ACTION ITEM - Please indicate the number of lines in the listing below that include the string "Slates"; add nothing else.

═══ STORED DATA ═══

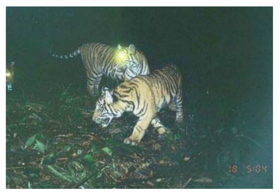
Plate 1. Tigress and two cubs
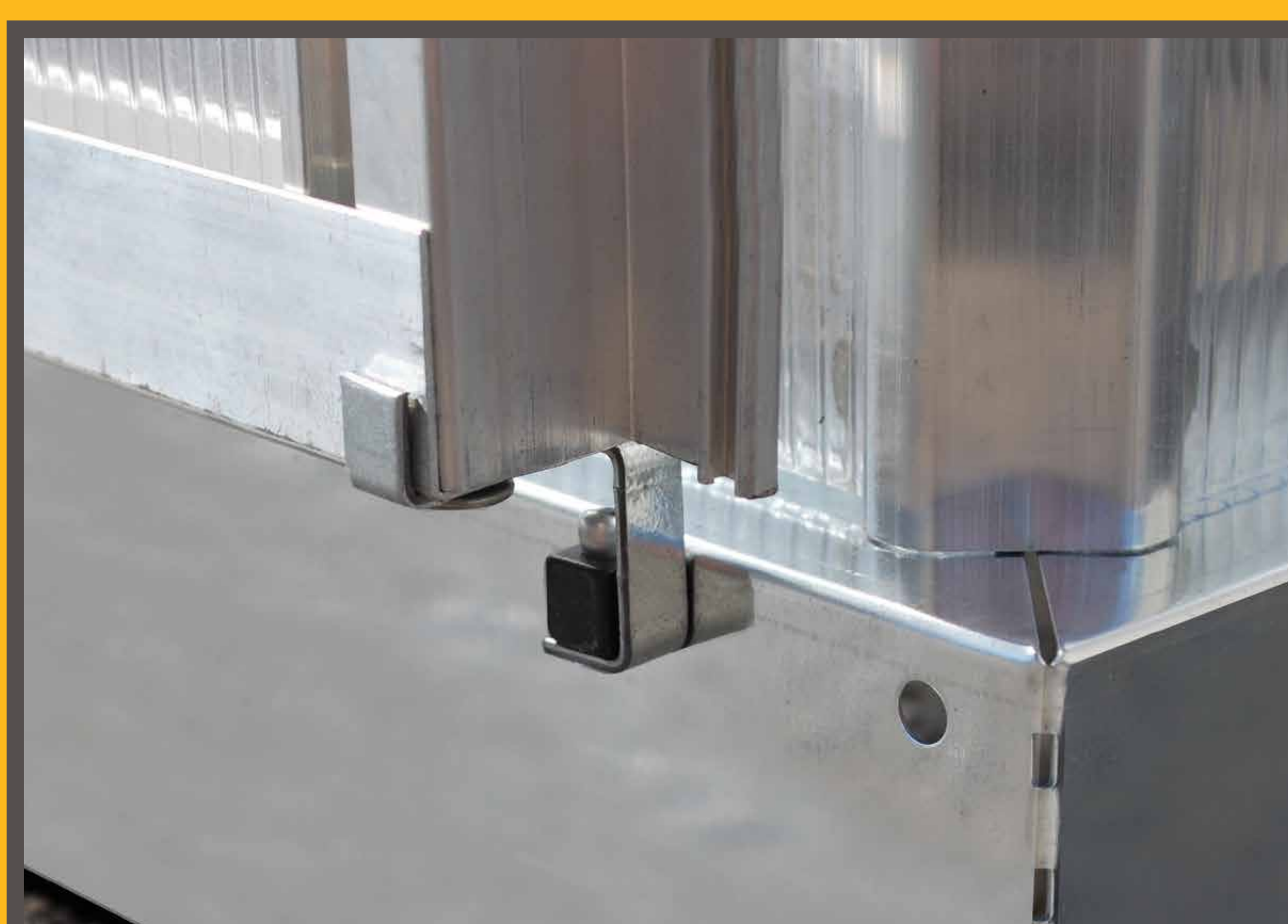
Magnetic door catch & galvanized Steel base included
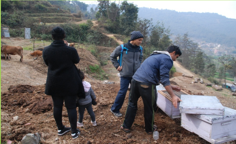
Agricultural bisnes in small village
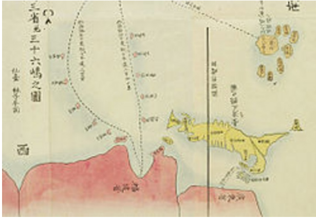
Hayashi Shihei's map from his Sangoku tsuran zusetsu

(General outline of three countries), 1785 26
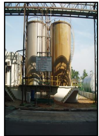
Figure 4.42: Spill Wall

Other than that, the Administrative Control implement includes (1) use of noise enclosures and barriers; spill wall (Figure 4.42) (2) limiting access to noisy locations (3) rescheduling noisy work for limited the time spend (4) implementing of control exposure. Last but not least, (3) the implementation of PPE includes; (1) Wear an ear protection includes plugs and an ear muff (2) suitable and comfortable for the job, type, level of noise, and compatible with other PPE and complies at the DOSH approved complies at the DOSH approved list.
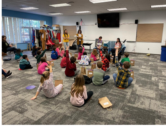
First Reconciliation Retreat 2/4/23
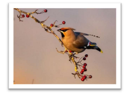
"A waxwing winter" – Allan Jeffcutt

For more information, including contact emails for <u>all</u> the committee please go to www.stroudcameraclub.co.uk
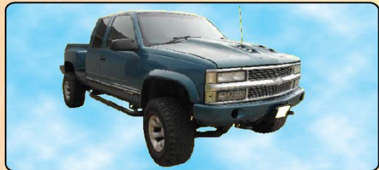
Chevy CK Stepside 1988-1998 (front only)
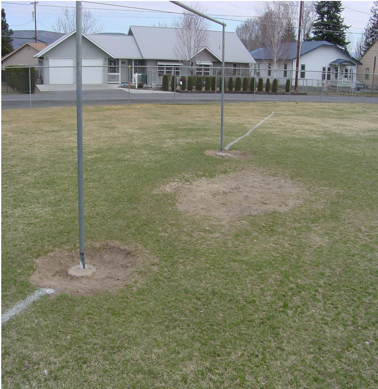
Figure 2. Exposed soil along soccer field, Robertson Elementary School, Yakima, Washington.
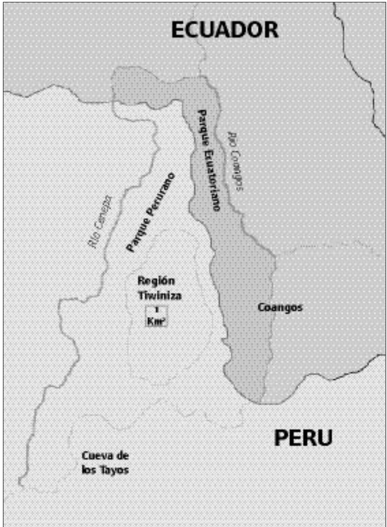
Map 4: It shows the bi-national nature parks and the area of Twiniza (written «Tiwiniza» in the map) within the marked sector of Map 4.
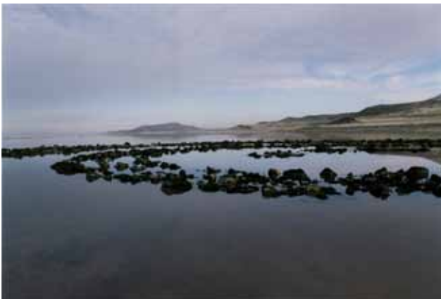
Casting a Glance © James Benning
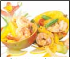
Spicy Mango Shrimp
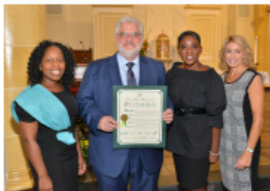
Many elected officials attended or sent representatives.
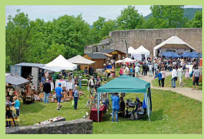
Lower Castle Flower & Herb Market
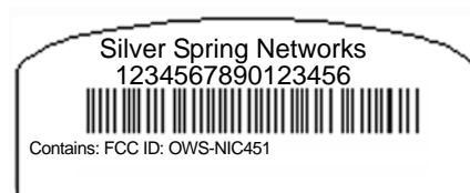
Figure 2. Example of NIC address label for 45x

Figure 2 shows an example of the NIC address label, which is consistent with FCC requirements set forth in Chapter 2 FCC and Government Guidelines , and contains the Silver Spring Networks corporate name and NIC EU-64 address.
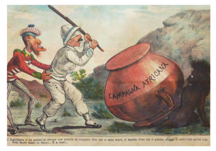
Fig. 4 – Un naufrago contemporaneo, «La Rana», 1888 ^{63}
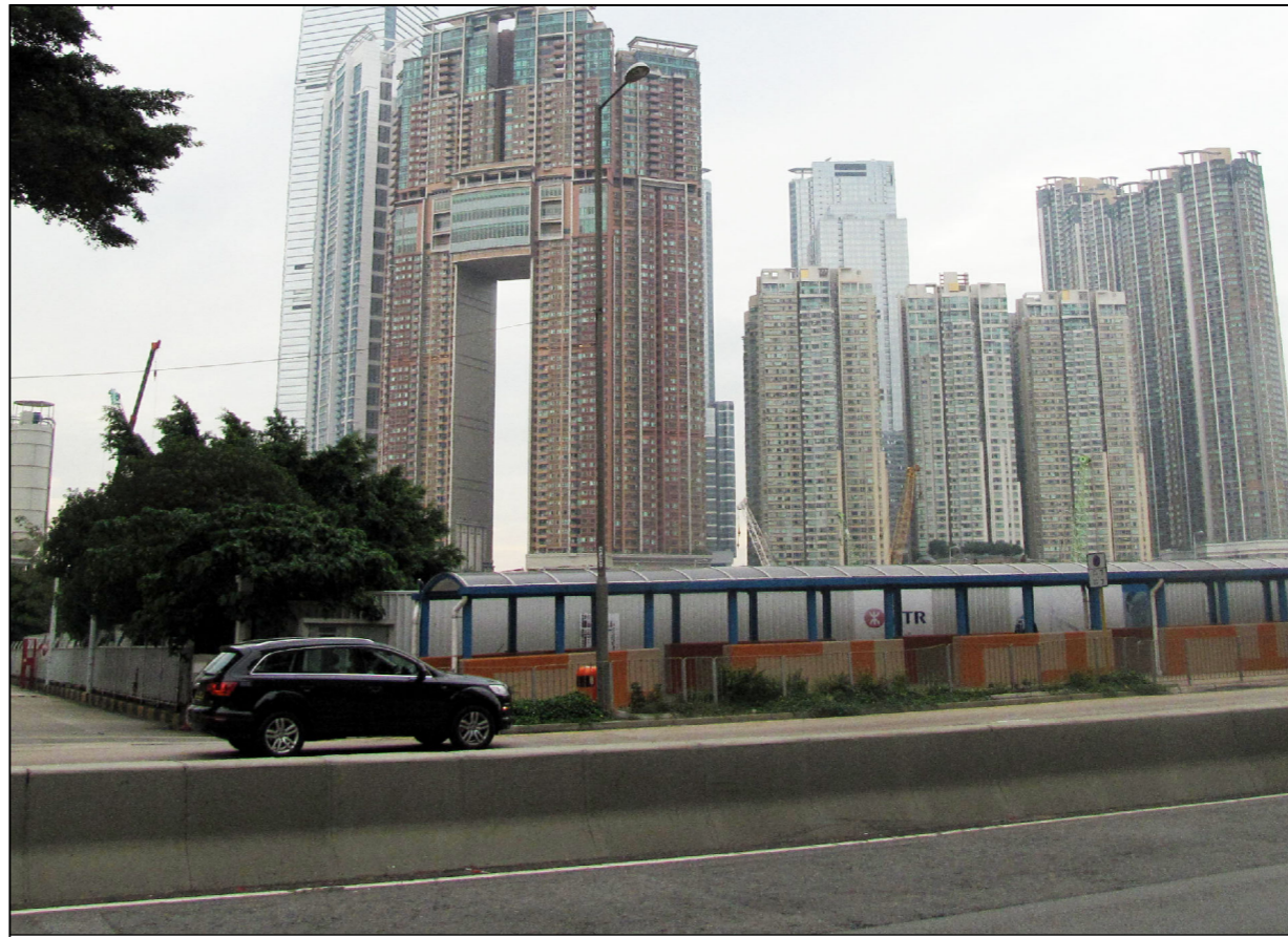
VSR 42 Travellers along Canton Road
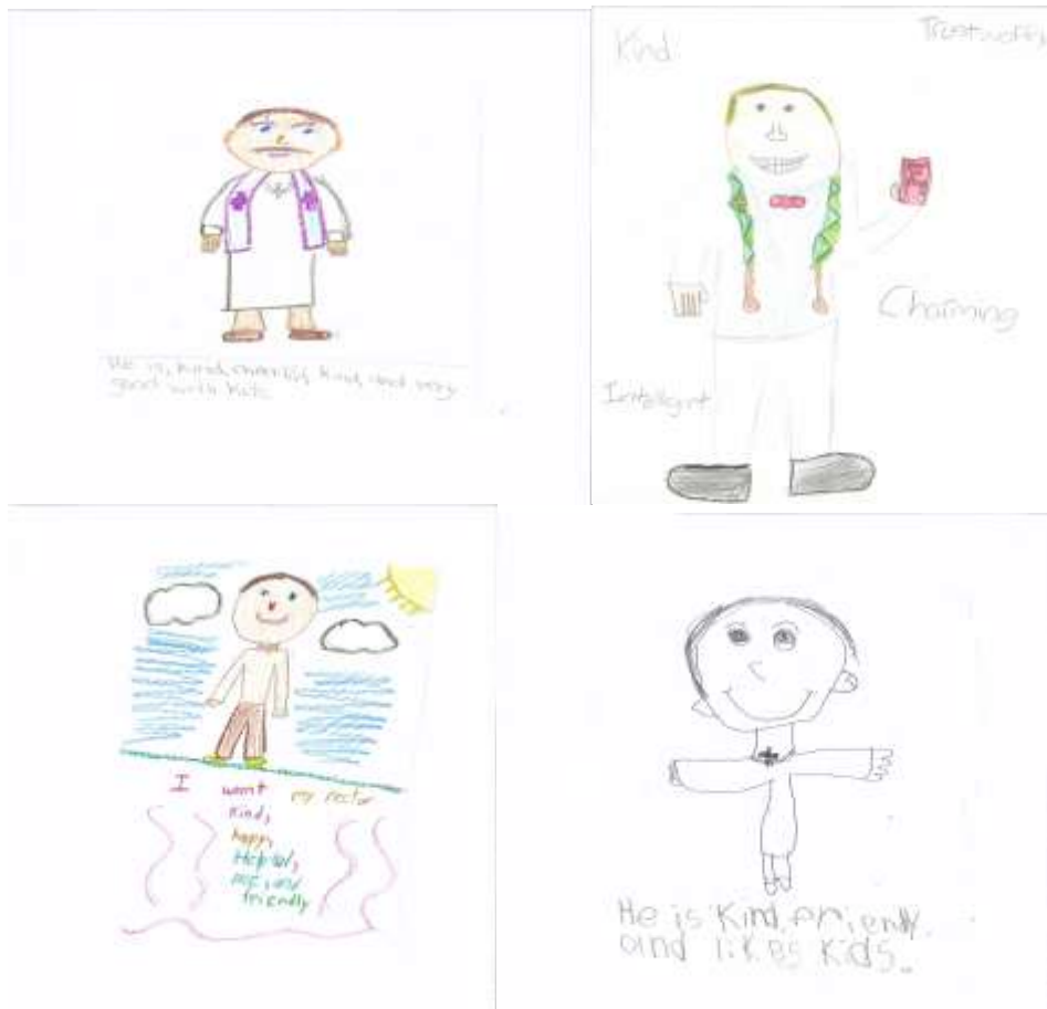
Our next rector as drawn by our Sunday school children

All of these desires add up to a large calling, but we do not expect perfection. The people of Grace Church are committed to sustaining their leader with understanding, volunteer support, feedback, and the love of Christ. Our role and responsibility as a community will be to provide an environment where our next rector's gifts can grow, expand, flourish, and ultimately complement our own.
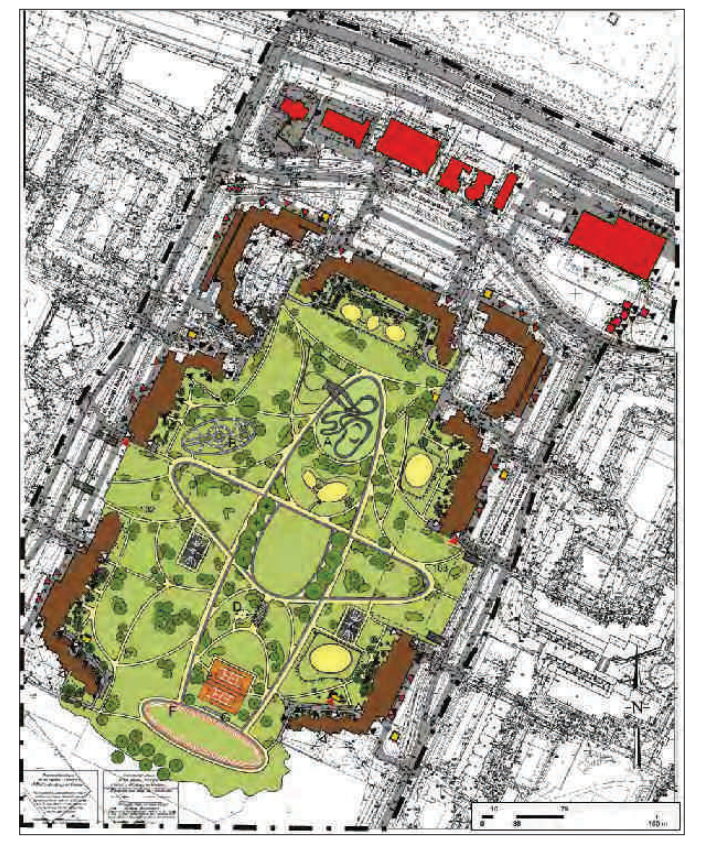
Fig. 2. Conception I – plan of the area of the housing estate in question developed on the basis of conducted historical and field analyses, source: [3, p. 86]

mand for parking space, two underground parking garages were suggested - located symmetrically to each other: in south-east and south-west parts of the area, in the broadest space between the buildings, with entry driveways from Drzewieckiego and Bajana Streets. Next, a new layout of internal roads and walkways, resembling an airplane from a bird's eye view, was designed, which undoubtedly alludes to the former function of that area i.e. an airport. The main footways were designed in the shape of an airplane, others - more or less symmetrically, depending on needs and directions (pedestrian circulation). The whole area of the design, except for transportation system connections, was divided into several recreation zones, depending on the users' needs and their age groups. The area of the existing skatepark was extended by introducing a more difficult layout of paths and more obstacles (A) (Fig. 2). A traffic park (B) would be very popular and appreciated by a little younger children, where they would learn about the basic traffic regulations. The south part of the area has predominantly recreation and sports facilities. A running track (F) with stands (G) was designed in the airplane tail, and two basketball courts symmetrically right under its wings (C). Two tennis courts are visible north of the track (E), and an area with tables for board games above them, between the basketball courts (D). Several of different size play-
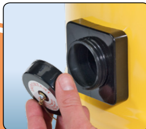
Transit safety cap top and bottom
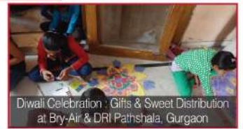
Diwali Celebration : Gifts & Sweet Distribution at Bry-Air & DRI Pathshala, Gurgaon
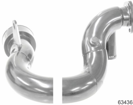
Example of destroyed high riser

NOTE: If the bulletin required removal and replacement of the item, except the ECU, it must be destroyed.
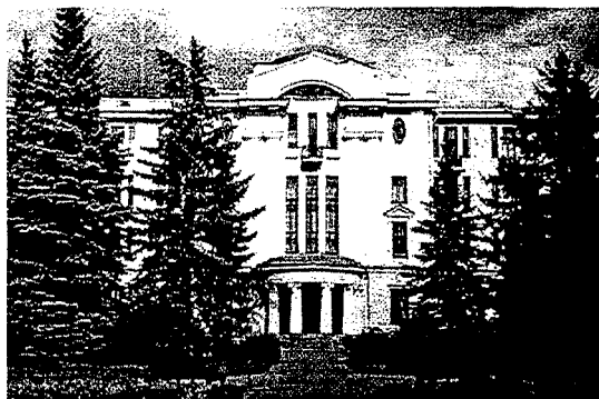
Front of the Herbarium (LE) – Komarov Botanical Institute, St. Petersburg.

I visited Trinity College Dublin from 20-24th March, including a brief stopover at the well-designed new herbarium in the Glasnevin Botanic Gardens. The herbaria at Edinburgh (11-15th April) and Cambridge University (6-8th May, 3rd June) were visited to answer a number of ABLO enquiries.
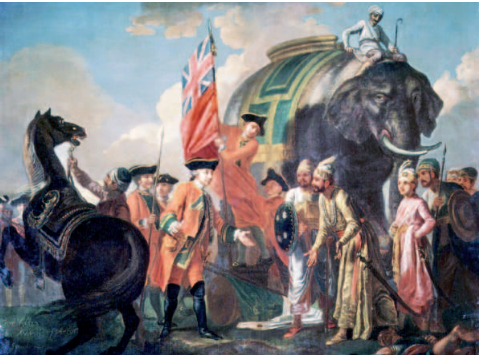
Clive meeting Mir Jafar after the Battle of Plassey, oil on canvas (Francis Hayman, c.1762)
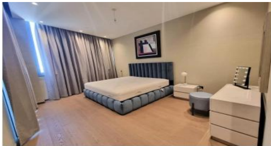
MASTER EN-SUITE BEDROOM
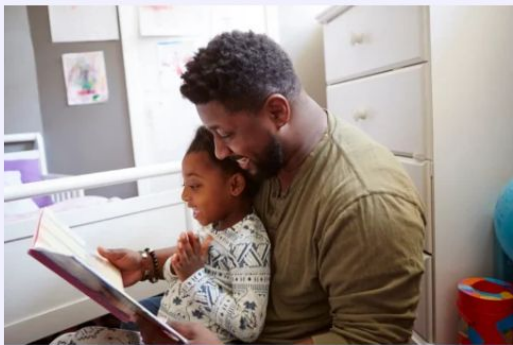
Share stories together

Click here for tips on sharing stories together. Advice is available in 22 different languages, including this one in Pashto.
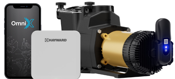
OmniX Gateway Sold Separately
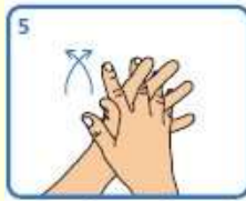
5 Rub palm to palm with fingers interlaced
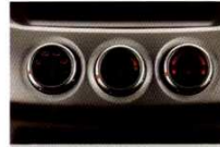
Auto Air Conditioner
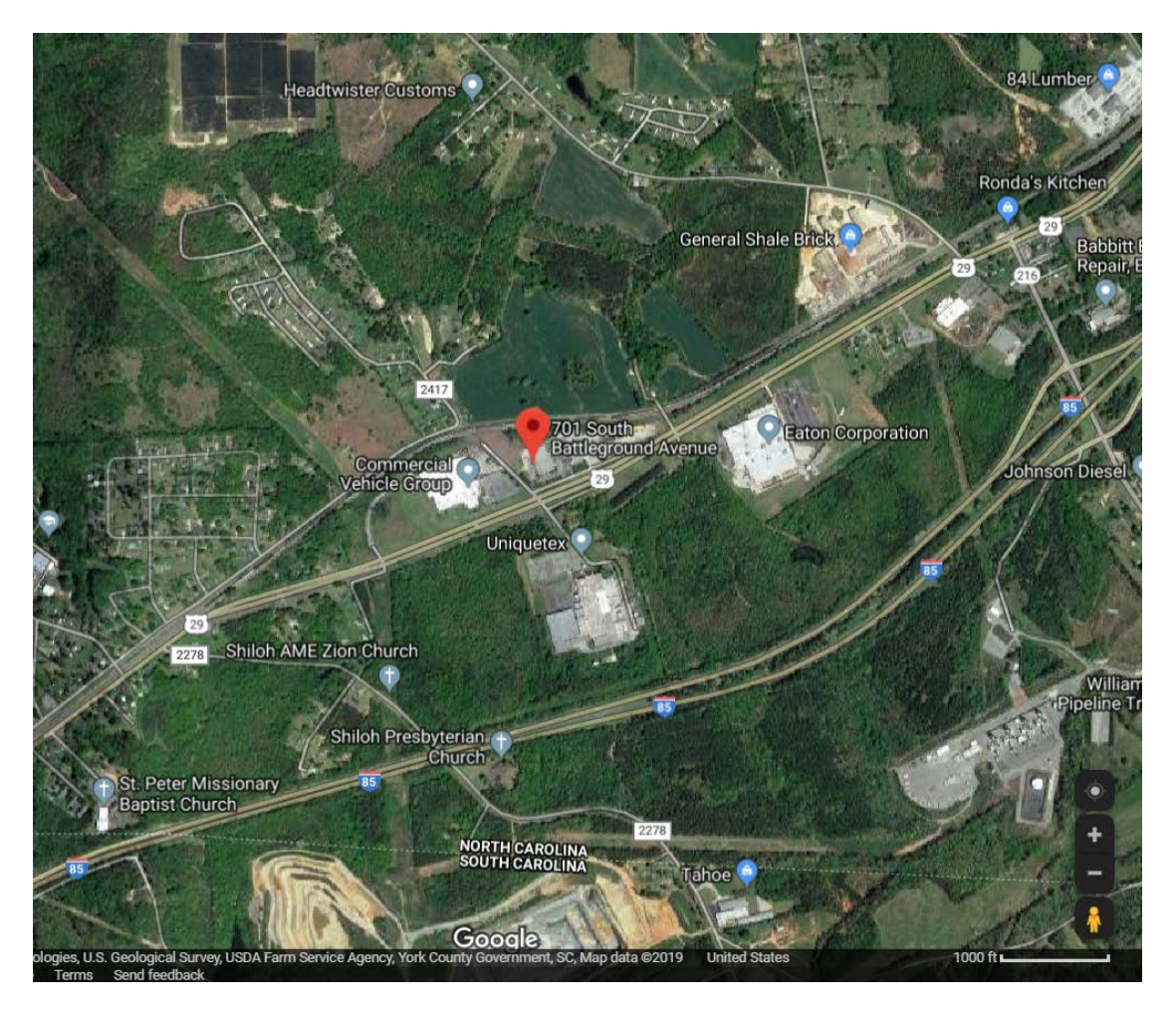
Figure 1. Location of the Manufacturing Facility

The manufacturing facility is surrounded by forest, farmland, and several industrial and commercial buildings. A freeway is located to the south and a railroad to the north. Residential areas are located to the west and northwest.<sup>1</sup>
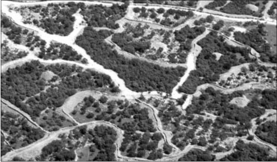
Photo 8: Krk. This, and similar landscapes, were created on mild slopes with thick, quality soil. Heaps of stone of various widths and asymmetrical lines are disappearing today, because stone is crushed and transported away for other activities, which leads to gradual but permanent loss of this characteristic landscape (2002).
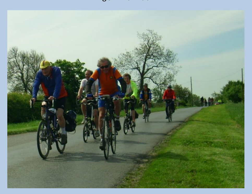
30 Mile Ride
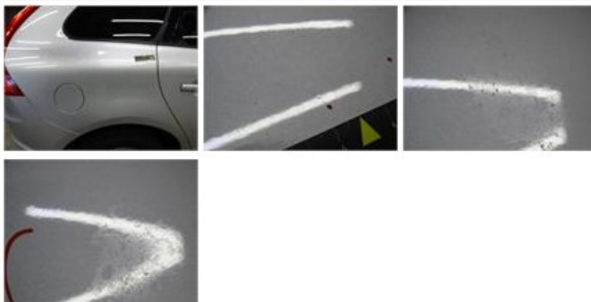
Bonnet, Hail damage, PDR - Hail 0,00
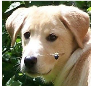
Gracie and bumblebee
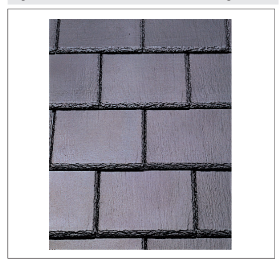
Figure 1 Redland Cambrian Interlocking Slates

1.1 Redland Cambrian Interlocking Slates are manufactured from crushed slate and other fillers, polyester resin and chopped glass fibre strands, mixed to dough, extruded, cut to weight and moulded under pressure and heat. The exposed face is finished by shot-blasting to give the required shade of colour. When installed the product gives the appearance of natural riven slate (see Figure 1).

═══

OUTPUT - 2